The view of the Davis Mountains from Locke's Gap (Mount Livermore is at left)

The Nature Conservancy's Davis Mountains Preserve encompasses several thousand acres of the Davis Mountains in west Texas. This mountain range includes Mount Livermore, one of the highest points in Texas, and is located about midway between two of the state's more visited ranges: the Guadalupe Mountains and the Chisos Mountains. The preserve is only open on certain days throughout the year, so you must check the Nature Conservancy's website for dates on which you can visit.


The Davis Mountains looking back towards the visitor center at the start of my hike

The preserve opened at 8:30 am on the open day of October 19. I arrived around 9:30, and because I did not have a high-clearance vehicle I could not drive up the Madera Canyon Road to within close walking distance of Mount Livermore. Rather, one of the volunteers in the visitor center suggested that I take a 9.5-mile loop hike from the visitor center to Locke's Gap and back.

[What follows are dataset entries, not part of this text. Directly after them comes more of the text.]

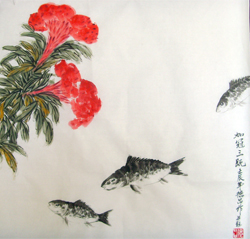 1985年寫意畫《荷花圖》被選中在中國(guó)人民解放軍總政禮堂參加畫展。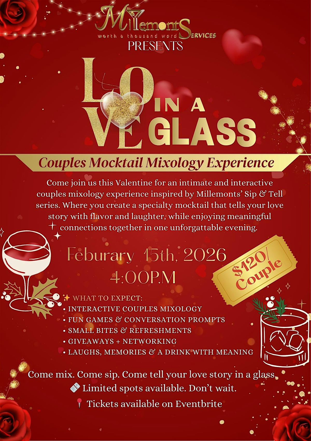 This interactive event invites couples to create a custom mocktail inspired by their partner’s personality, energy, and love language. Through guided prompts, conversation, laughter, and creativity, you’ll mix a drink that represents the one you love — and sip a story worth remembering.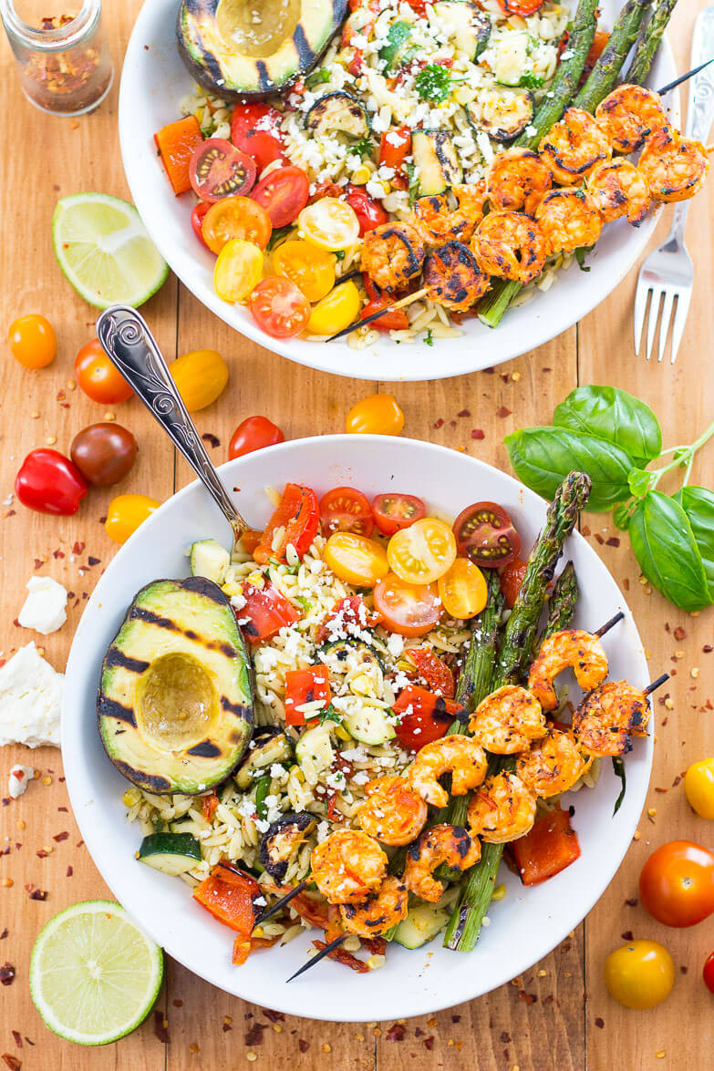 “These Grilled Harissa Shrimp & Orzo Bowls are served with a variety of grilled summer vegetables tossed in a light, lemony and herb-filled serving of orzo.” Recipe: TheGirlOnBloor.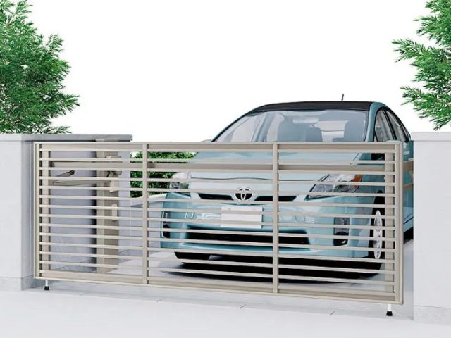 車庫前に使用するゲートです。ゲートが垂直に上がります。電動タイプも選択できます。フェンスとも合わせら...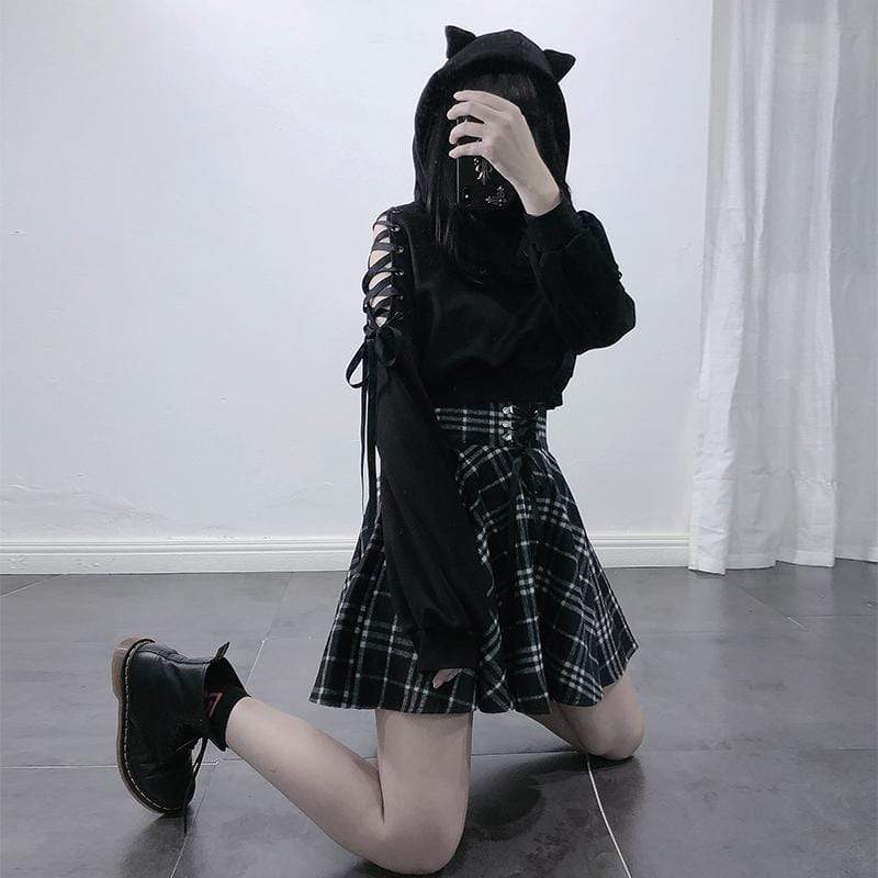 Women's Lace-up Hollowed Short Sweatershirts With Hood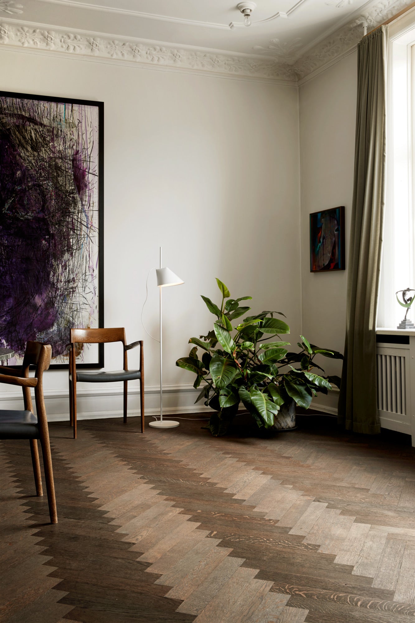 Lampa podłogowa Yuh to nowoczesna interpretacja skandynawskiego wzornictwa, zaprojektowana przez duet GamFratesi dla Louis Poulsen w 2017 roku. Jej minimalistyczna forma oraz możliwość obracania, podnoszenia i opuszczania klosza pozwala na idealne dostosowanie oświetlenia do potrzeb użytkownika. Klosz kieruje światło w dół, zapewniając komfortowe, nieoślepiające oświetlenie, a subtelne otwarcie w jego górnej części tworzy delikatną poświatę w przestrzeni. Lampa podłogowa doskonale sprawdzi się zarówno w salonie, sypialni, jak i biurze, budując przyjemną atmosferę do pracy i relaksu.

The Davis Mountains after the trial went around the first small mountain

This hike began by going north from the visitor center and paralleling Texas state route 118 for a short distance as the trail went around a small mountain. Once on the northern side of this mountain the trail turned away from the road and entered a fairly open, grassy area for some distance. The trail then turned to the southwest to go up a valley. While the trail was gradually ascending this valley, it paralleled and crossed a stream bed several times. Because of some recent rains, there was actually some water at points in this stream.

The stream in the first valley

A grasshopper

As I hiked up the valley towards Locke's Gap, I saw a flock of about ten turkeys and countless large grasshoppers. Once the trail reached Locke's Gap, there were views of the more impressive mountains in the range to the south, including Mount Livermore in the distance and the closer Whitetail Mountain. After taking a break at the gap, I continued down into valley along Right Hand Creek.

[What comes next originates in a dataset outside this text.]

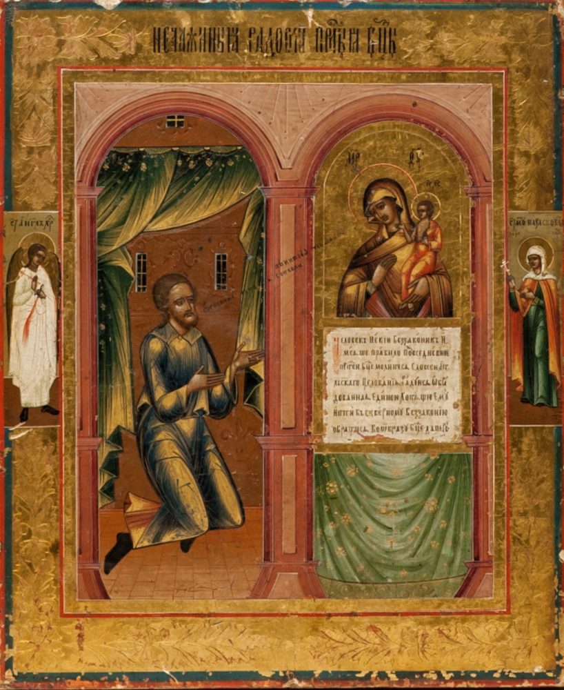 Икона Божией Матери „Всех скорбящих Радость“ стала известна с 1688 года, когда от нее, в царствование царей Иоанна Алексеевича и Петра Алексеевича, совершилось чудесное исцеление родной сестры патриарха Иова, Евфимии, жившей в Москве на Ордынке и страдавшей долгое время неизлечимой болезнью. Однажды, проснувшись рано утром, она долго и усердно призывала на помощь Спасителя и Божию Матерь. После молитвы болящая услышала голос: „Евфимия! В храме Преображения есть образ Мой, именуемый „Всех скорбящих Радость“. Призови к себе с этим образом священника и помолись: и ты получишь исцеление от своей болезни“. Пришедши в себя, больная узнала от родственников, что действительно в храме Преображения на Ордынке в Москве есть икона Богоматери „Всех скорбящих Радость“. Она подняла эту икону к себе в дом и получила исцеление. Это чудесное исцеление совершилось 6 ноября.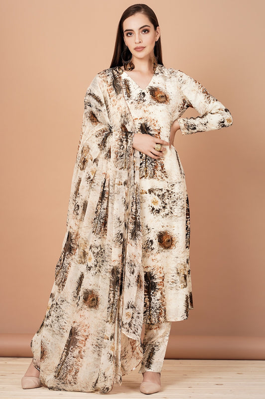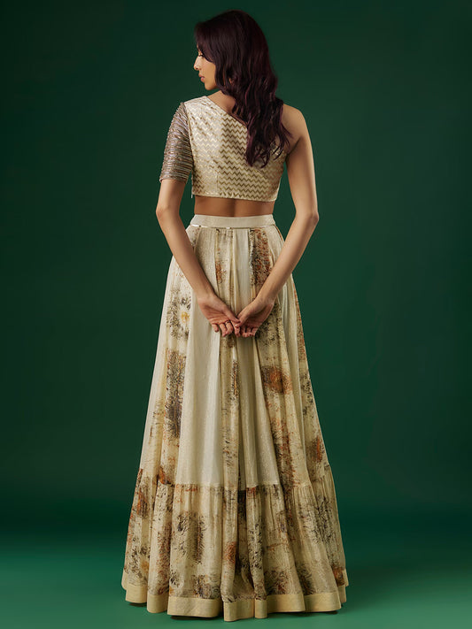Off-White Shimmer Georgette Handpainted Lehenga Set

The trail descending into Right Hand Creek

The old dam on Right Hand Creek

Again in this valley there were many grasshoppers, but very little water. In fact the only significant amount of water I saw was behind an old, small dam across the creek. After I exited the valley, the trail connected with one of the preserve's dirt roads, which I followed back to the visitor center through what was a mostly grasses, but also some smaller trees.

The first half my loop was on the other side of this ridge

Along the road during the return trip

Davis Mountains near the visitor center



© Copyright 2017 Matthew Pintar. All rights reserved.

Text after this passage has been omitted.